Your instructions
From the first line to the last, set down the material exactly, leaving out its pictures.

Dataset records
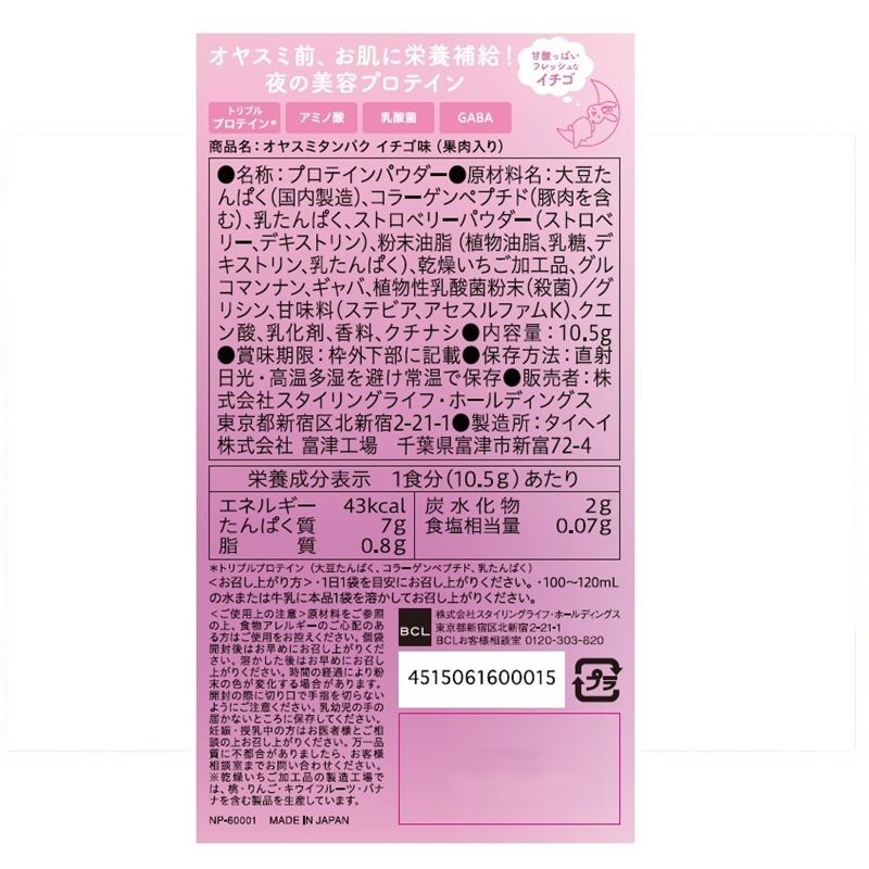 成長ホルモンの元となるアミノ酸をはじめとした栄養成分をバランス良く配合した夜の美容プロテインです。
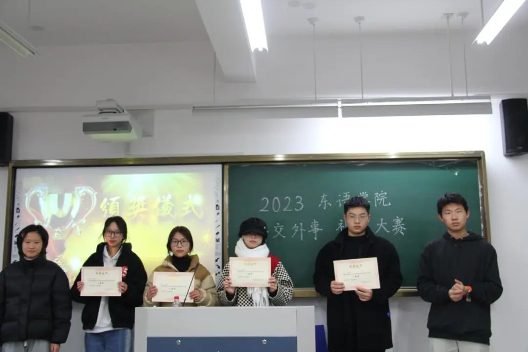 激烈角逐后,金雯雯,张忆宁,陈莎莎,朱天义同学获得一等奖,吴碧霞,吴熙晴,刘诗睿,李芋林同学获得二等奖。评委为获奖选手们颁奖并合影留念。
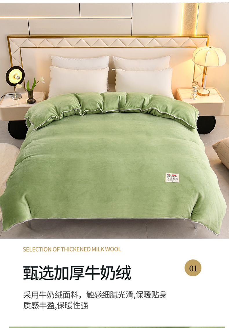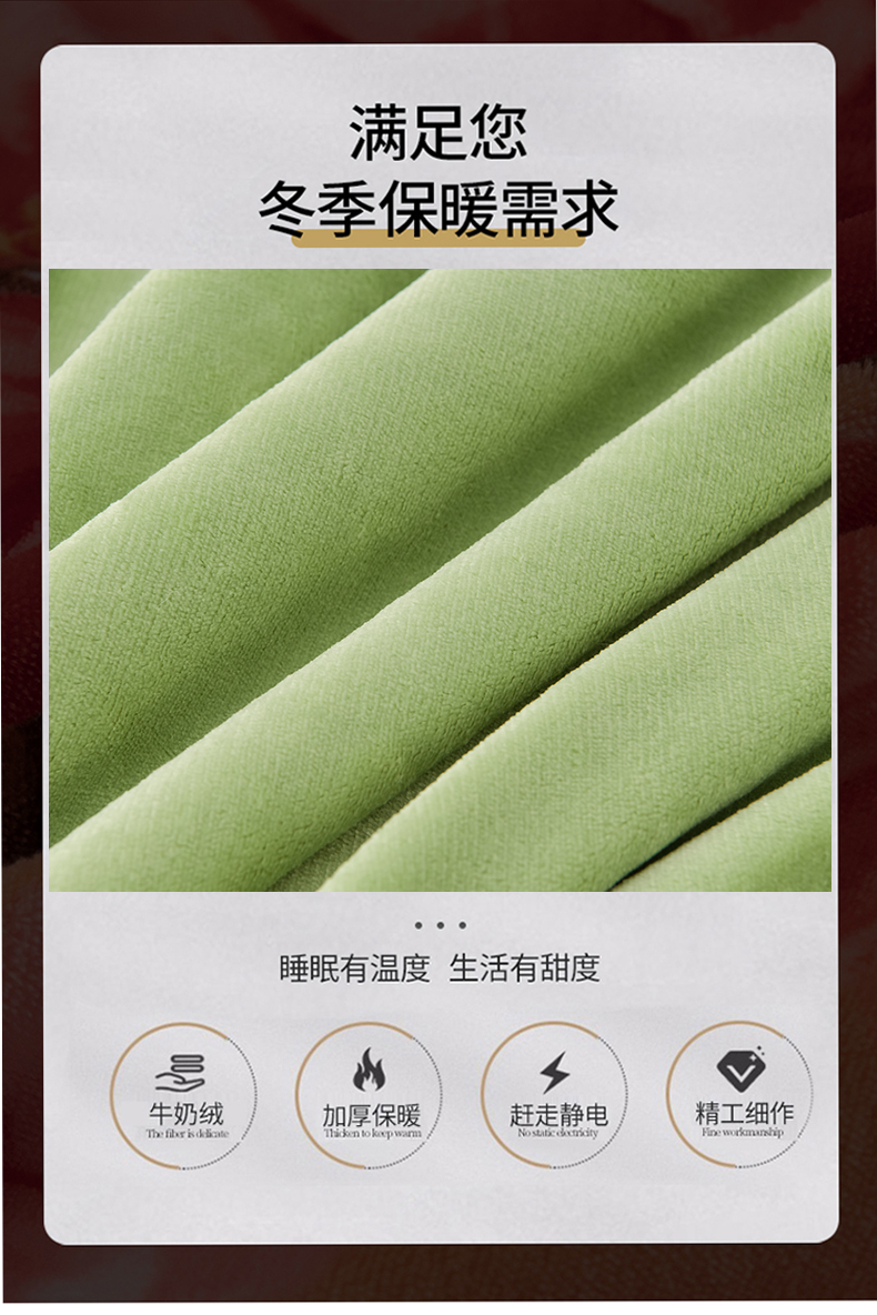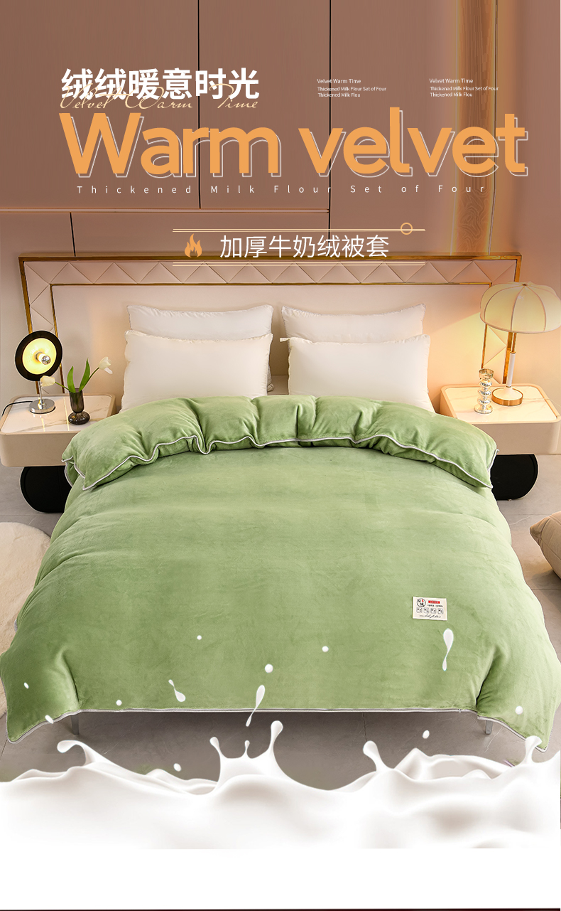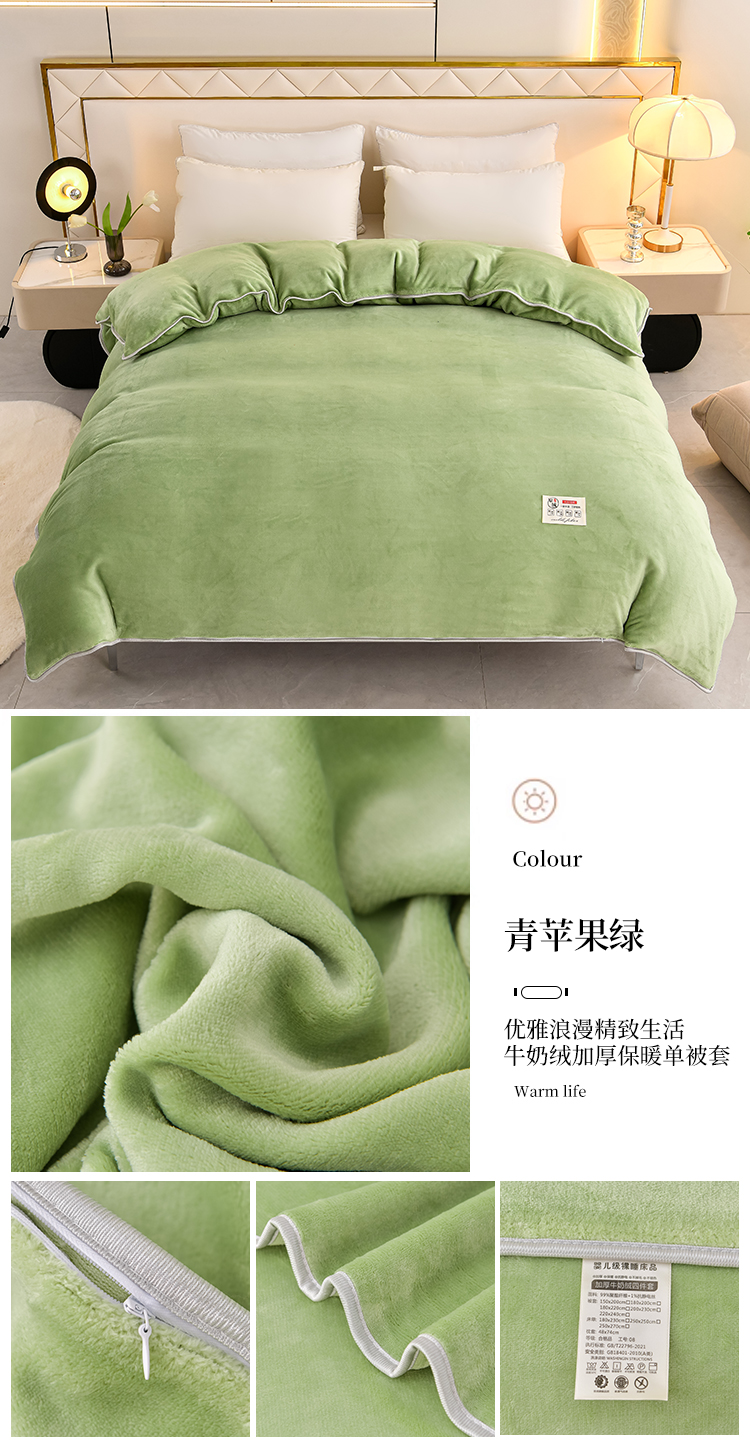 商品名称:绒品荟家纺 2025新款加厚牛奶绒单被套金貂绒法莱绒冬季法兰绒高克重被罩 青苹果绿
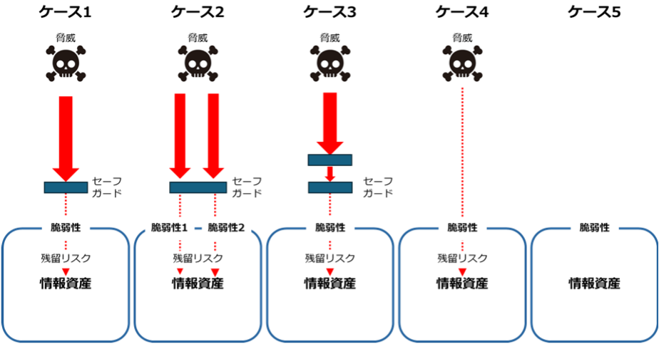 脅威、脆弱性、情報資産、セーフガード(管理策)、リスクの関係をわかりやすく図で表すと以下のようになります。
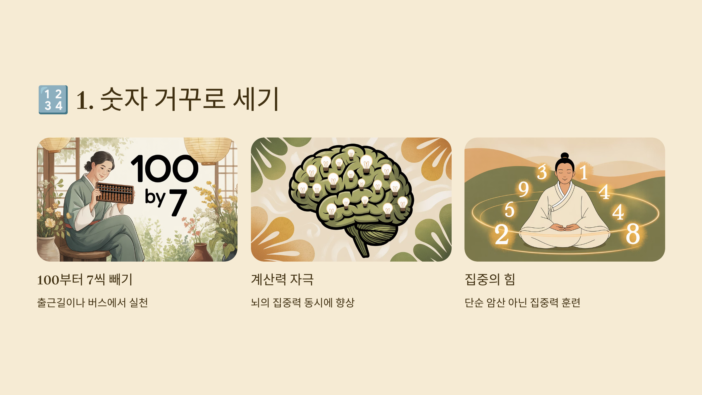 출근길이나 버스에서 100부터 7씩 거꾸로 세어보세요. 간단하지만 뇌의 계산력과 집중력을 동시에 자극합니다. 매일 달라지는 수열은 뇌를 깨우는 최고의 활동입니다.
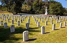 After the American Civil War, a portion of Cedar Hill Cemetery was set aside for the burial of Confederate soldiers who died of sickness or wounds.[3] This burial site was designated Soldiers' Rest and contains the graves of some 5,000 Confederate soldiers, with 1,600 identified.[3]

Result for this task
 成長ホルモンの元となるアミノ酸をはじめとした栄養成分をバランス良く配合した夜の美容プロテインです。
 激烈角逐后,金雯雯,张忆宁,陈莎莎,朱天义同学获得一等奖,吴碧霞,吴熙晴,刘诗睿,李芋林同学获得二等奖。评委为获奖选手们颁奖并合影留念。
 商品名称:绒品荟家纺 2025新款加厚牛奶绒单被套金貂绒法莱绒冬季法兰绒高克重被罩 青苹果绿
 脅威、脆弱性、情報資産、セーフガード(管理策)、リスクの関係をわかりやすく図で表すと以下のようになります。
 출근길이나 버스에서 100부터 7씩 거꾸로 세어보세요. 간단하지만 뇌의 계산력과 집중력을 동시에 자극합니다. 매일 달라지는 수열은 뇌를 깨우는 최고의 활동입니다.
 After the American Civil War, a portion of Cedar Hill Cemetery was set aside for the burial of Confederate soldiers who died of sickness or wounds.[3] This burial site was designated Soldiers' Rest and contains the graves of some 5,000 Confederate soldiers, with 1,600 identified.[3]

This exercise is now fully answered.